* _TASK DETAILS_: Restate the records in full and exactly, with no images included.

* _DATASET CONTENT_:
::::::
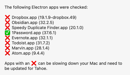 The Mac community has been made aware that apps making use of the electron framework leading to significant slowdowns in Mac OS 26 (Tahoe). A previous posting here noted that Dropbox is one such ap...
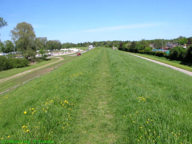 …kann man die Örtlichkeiten gut überblicken. Links der wirklich sehr große Stellplatz, rechts hinter dem Deich der Campingplatz.
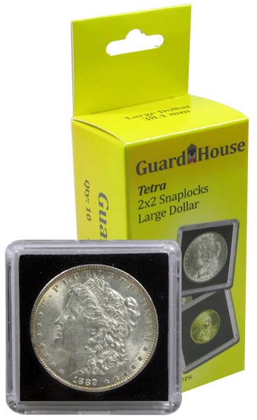 Guardhouse Tetra coin holders are a great storage solution for your individual coins. The clear outer plastic 2x2 snaplock cases contain a black EVA foam interior insert to hold your coin in place and provide a great background. Guardhouse 2x2 coin holders are made from sturdy acrylic plastic and fit 2x2 storage boxes. The 2x2 size allows you to tap into a wide array of accessories designed for 2x2 holders. Sold in packs of 10.
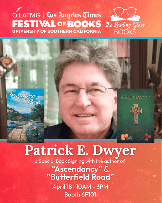 The Reading Glass Books is thrilled to welcome Patrick Earl Dwyer, to Booth #960 in the Black Zone at USC for a book signing at the LA Times Festival of Books on Saturday, April 18, 2026 from 1 p.m. to 3 p.m.
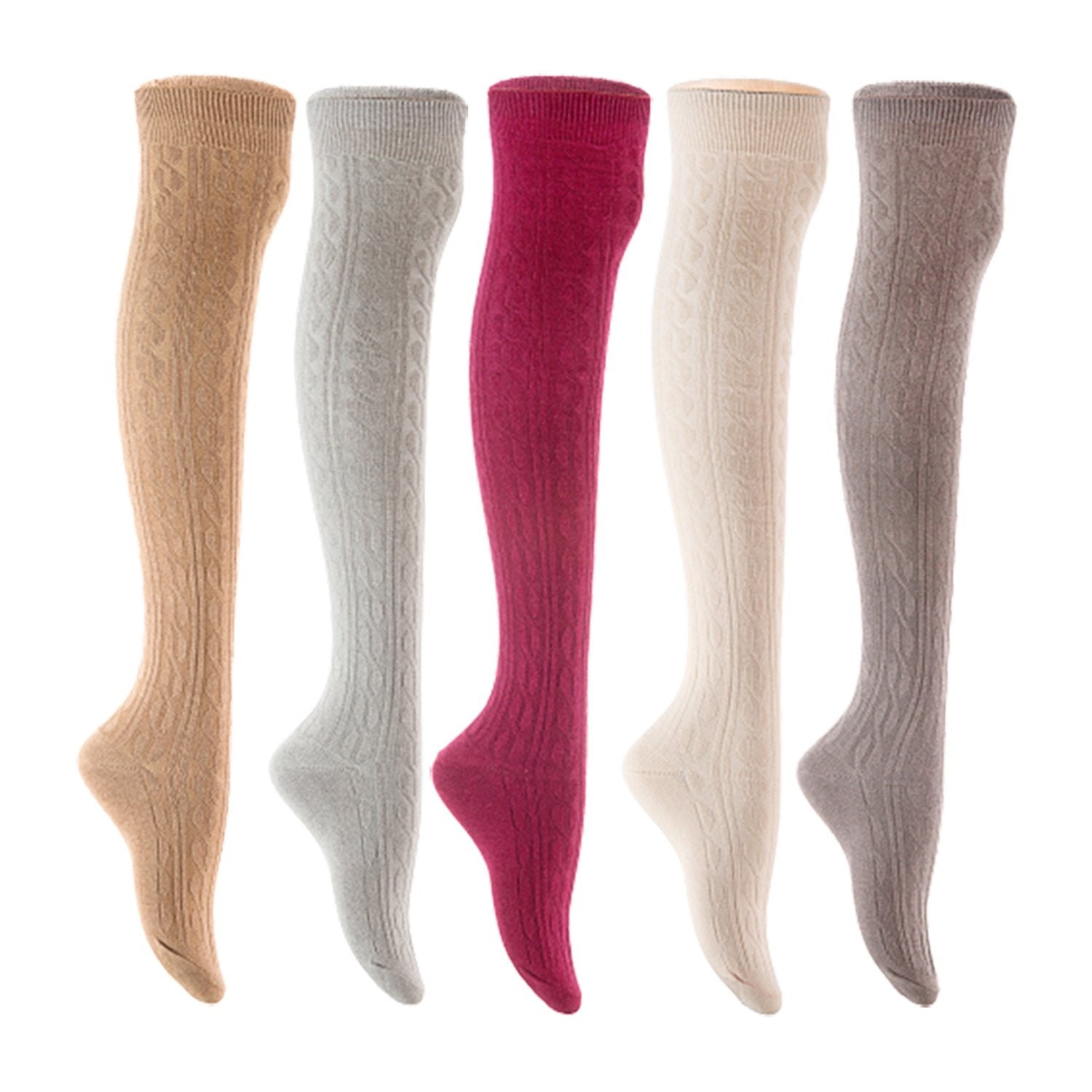 Lian LifeStyle Women's 5 Pair Adorable Comfortable Soft Thigh High Over Knee High Cotton Socks Size 6-9 L1024 (Beige,Light Grey,Wine,Cream,Dark Grey)
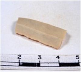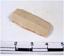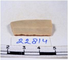 | Description / विवरण | A fragment of a rectangular shaped chert blade showing dorsal sides with sharp cutting edges having smooth surface and triangular section. |
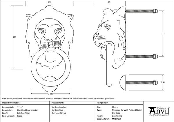 Our Lion Head door knocker is forged from solid brass and its intricate detailing emphasises the high-quality materials and manufacturing techniques used. A perfect design choice for external doors with matching products available.
::::::
* _THE ANSWER_:
 The Mac community has been made aware that apps making use of the electron framework leading to significant slowdowns in Mac OS 26 (Tahoe). A previous posting here noted that Dropbox is one such ap...
 …kann man die Örtlichkeiten gut überblicken. Links der wirklich sehr große Stellplatz, rechts hinter dem Deich der Campingplatz.
 Guardhouse Tetra coin holders are a great storage solution for your individual coins. The clear outer plastic 2x2 snaplock cases contain a black EVA foam interior insert to hold your coin in place and provide a great background. Guardhouse 2x2 coin holders are made from sturdy acrylic plastic and fit 2x2 storage boxes. The 2x2 size allows you to tap into a wide array of accessories designed for 2x2 holders. Sold in packs of 10.
 The Reading Glass Books is thrilled to welcome Patrick Earl Dwyer, to Booth #960 in the Black Zone at USC for a book signing at the LA Times Festival of Books on Saturday, April 18, 2026 from 1 p.m. to 3 p.m.
 Lian LifeStyle Women's 5 Pair Adorable Comfortable Soft Thigh High Over Knee High Cotton Socks Size 6-9 L1024 (Beige,Light Grey,Wine,Cream,Dark Grey)
 | Description / विवरण | A fragment of a rectangular shaped chert blade showing dorsal sides with sharp cutting edges having smooth surface and triangular section. |
 Our Lion Head door knocker is forged from solid brass and its intricate detailing emphasises the high-quality materials and manufacturing techniques used. A perfect design choice for external doors with matching products available.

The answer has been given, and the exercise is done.